- **ACTION ITEM**: Retype the opening lines of the listing below, ending with the line that contains "台灣麥當勞依法制定明確的【禁", and leave out any pictures.

- **INFORMATION SUPPLIED**:
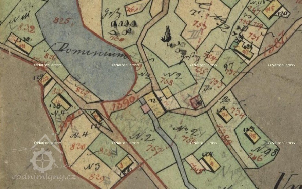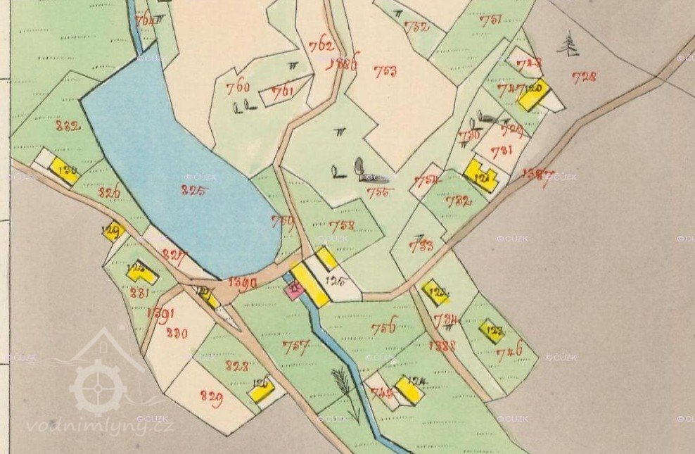 PopisVodní kniha uvádí průměr kola na vrchní vodu 4 m, hl. korečků 25 cm, průtok 180 l/vt., spád 4,41 m, výkon 6,9 HP.
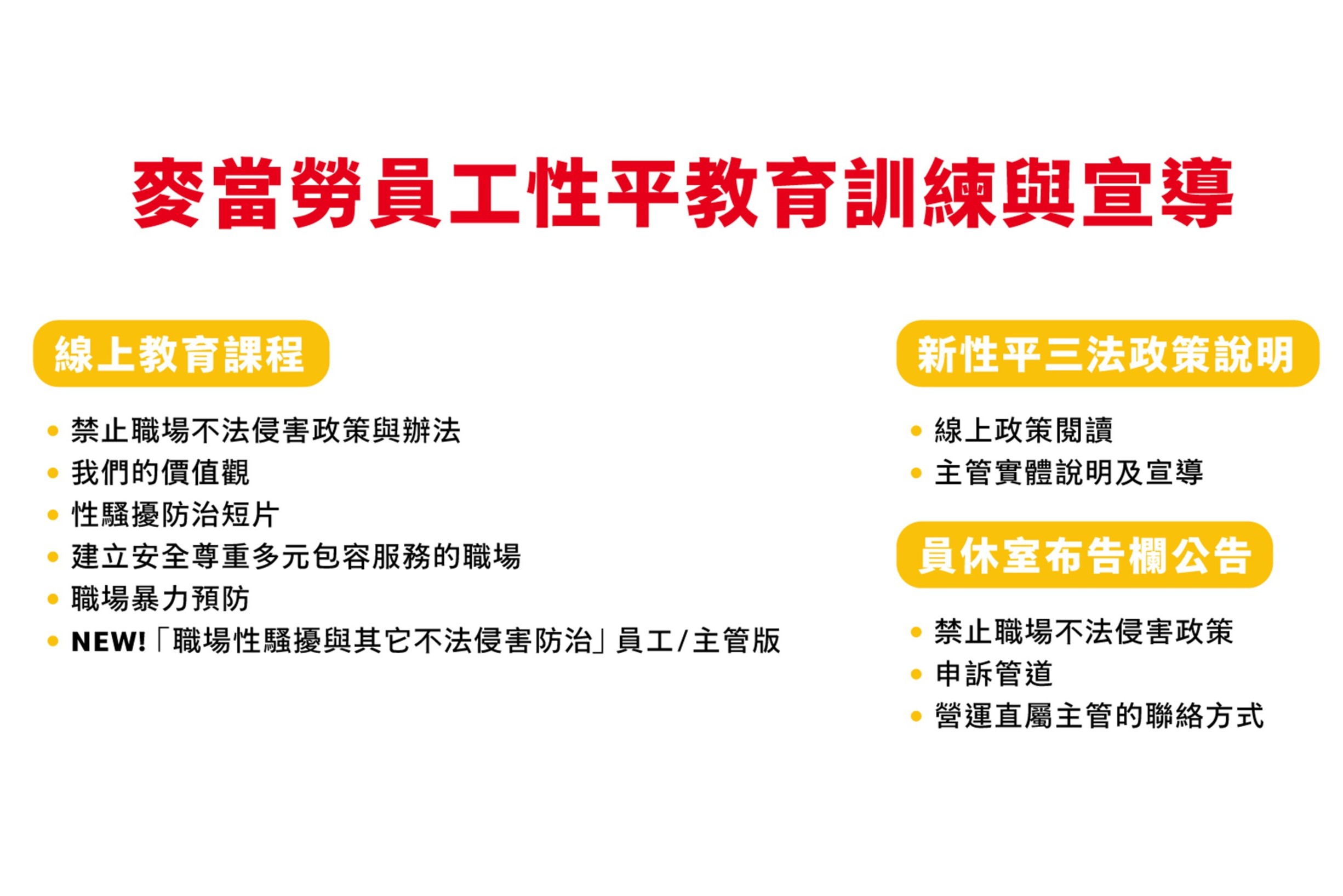 台灣麥當勞依法制定明確的【禁止職場不法侵害政策】,包含了【禁止性騷擾】及【禁止職場暴力】等,同時也鼓勵員工即時發聲並表達想法,提供多元的員工溝通管道。
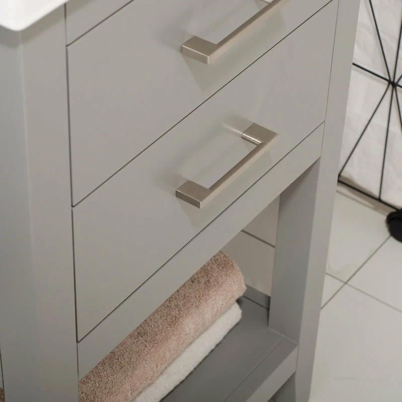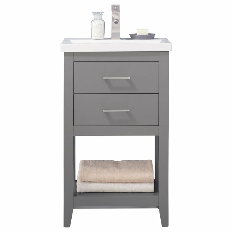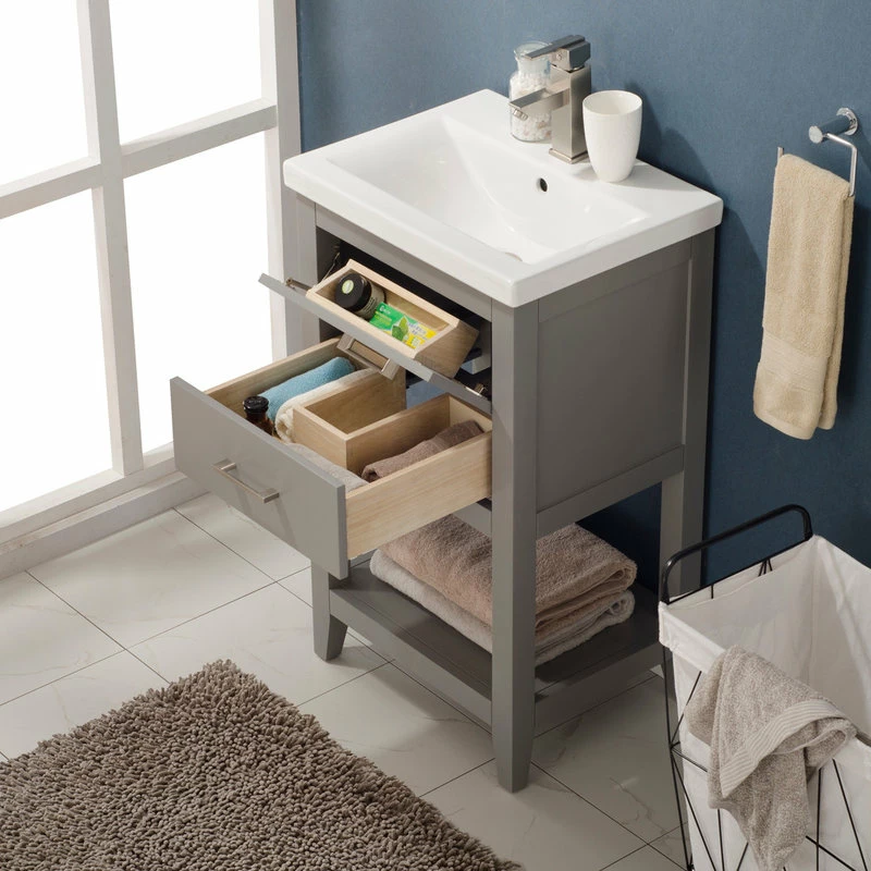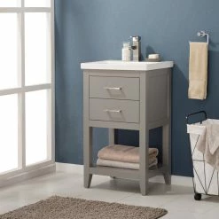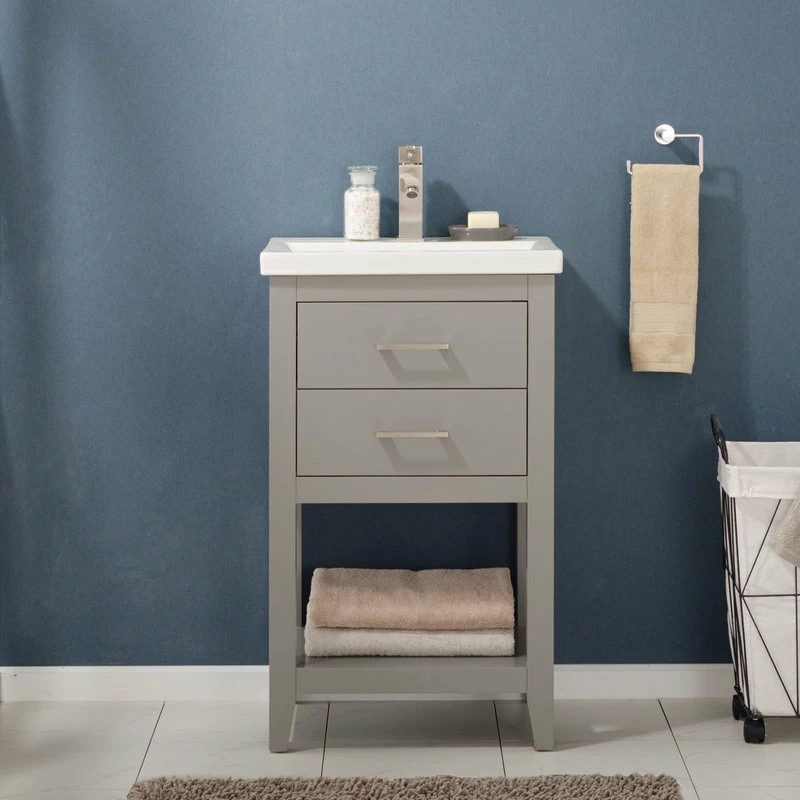 The Cara 20″ Single Sink Vanity by Design Element provides the perfect finishing touch to your bathroom remodel project. Constructed of solid hardwood, this vanity will maintain its beauty and functionality year after year. The porcelain countertop and integrated sink with overflow perfectly matches the styling of the cabinet, and is extremely simple to maintain. There is ample storage space for this vanity despite its small size. Hidden in the flip down drawer is a unique and useful storage box, and a second fully functional drawer constructed with dovetail joinery sits on soft close glides. There is also an open shelf at the base of the cabinet. The included Satin nickel hardware provides the perfect finishing touch to the gray cabinet. Faucet and drain are not included.

- **SOLUTION TO THE PROBLEM**:
 PopisVodní kniha uvádí průměr kola na vrchní vodu 4 m, hl. korečků 25 cm, průtok 180 l/vt., spád 4,41 m, výkon 6,9 HP.
 台灣麥當勞依法制定明確的【禁止職場不法侵害政策】,包含了【禁止性騷擾】及【禁止職場暴力】等,同時也鼓勵員工即時發聲並表達想法,提供多元的員工溝通管道。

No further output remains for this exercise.